▼
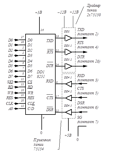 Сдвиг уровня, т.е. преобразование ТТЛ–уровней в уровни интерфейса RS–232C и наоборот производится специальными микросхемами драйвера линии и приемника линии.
▲
▼
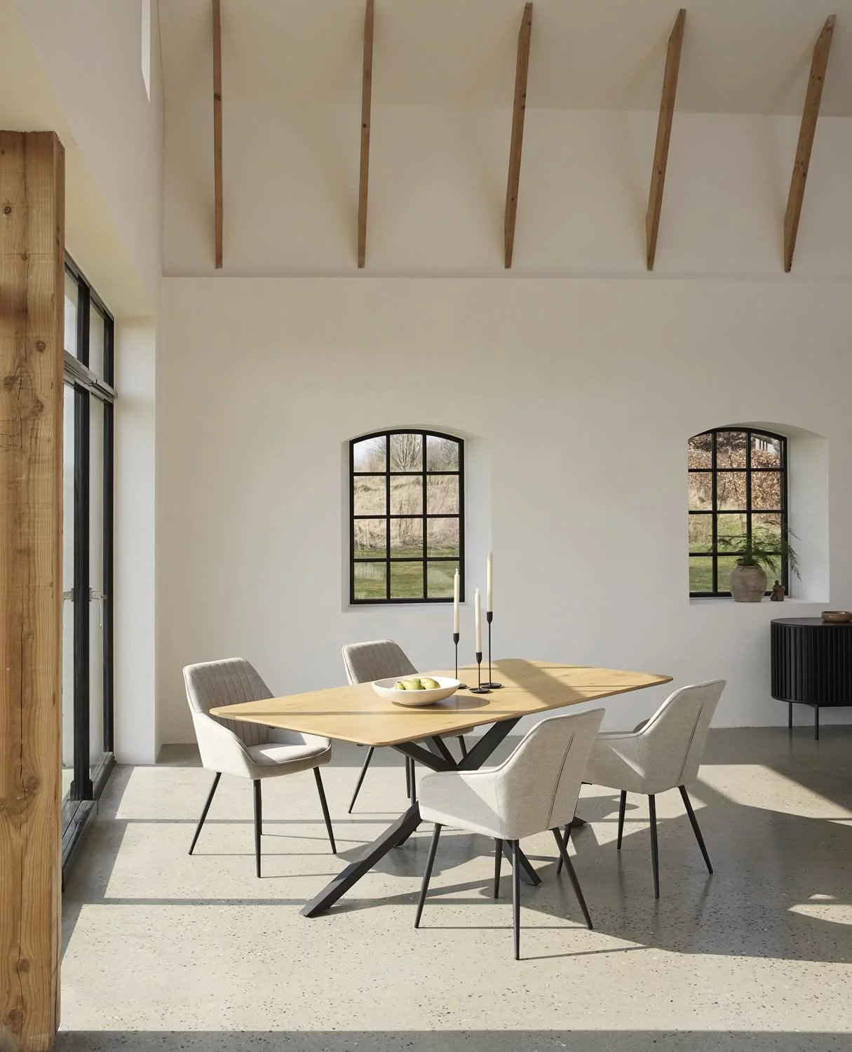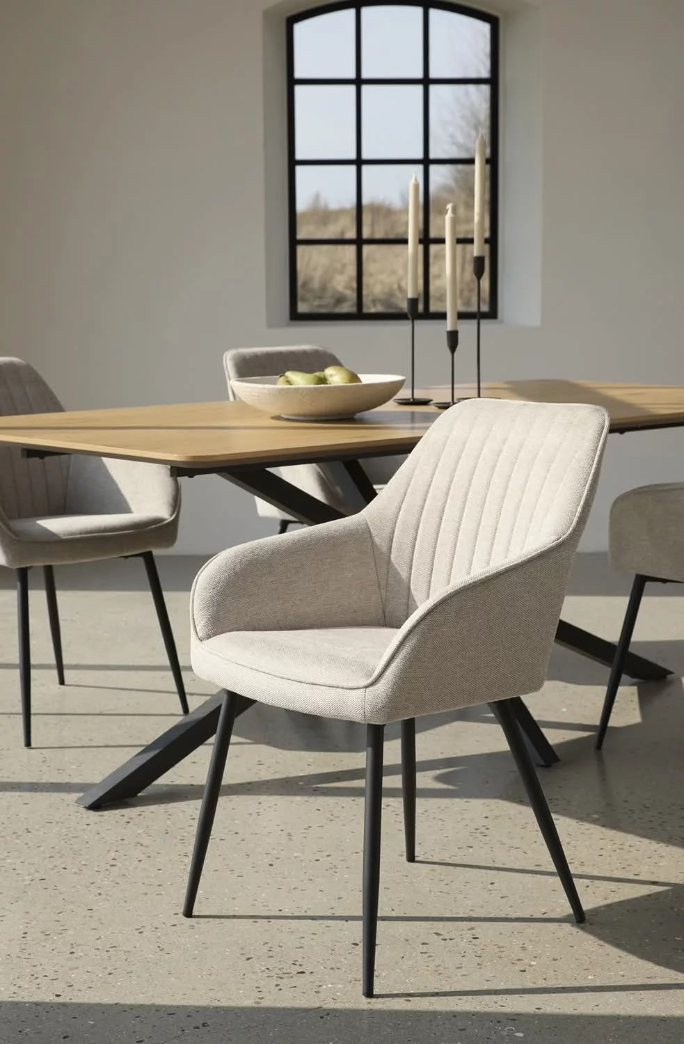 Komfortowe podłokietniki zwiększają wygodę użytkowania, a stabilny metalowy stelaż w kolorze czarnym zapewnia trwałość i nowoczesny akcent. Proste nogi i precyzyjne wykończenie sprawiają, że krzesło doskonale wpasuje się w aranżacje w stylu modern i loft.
▲
▼
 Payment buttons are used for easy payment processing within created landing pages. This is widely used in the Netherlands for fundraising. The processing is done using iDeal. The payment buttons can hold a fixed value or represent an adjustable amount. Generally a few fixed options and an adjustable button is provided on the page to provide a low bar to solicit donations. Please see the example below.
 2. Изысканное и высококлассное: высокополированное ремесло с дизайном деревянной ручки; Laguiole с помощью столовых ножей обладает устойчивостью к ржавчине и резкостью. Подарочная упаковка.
▲
Using the records above, copy word for word the line with "Payment buttons are", the line with "2. Изысканное и", and every line between them.

[EXERCISE RESULT]:
 Payment buttons are used for easy payment processing within created landing pages. This is widely used in the Netherlands for fundraising. The processing is done using iDeal. The payment buttons can hold a fixed value or represent an adjustable amount. Generally a few fixed options and an adjustable button is provided on the page to provide a low bar to solicit donations. Please see the example below.
 2. Изысканное и высококлассное: высокополированное ремесло с дизайном деревянной ручки; Laguiole с помощью столовых ножей обладает устойчивостью к ржавчине и резкостью. Подарочная упаковка.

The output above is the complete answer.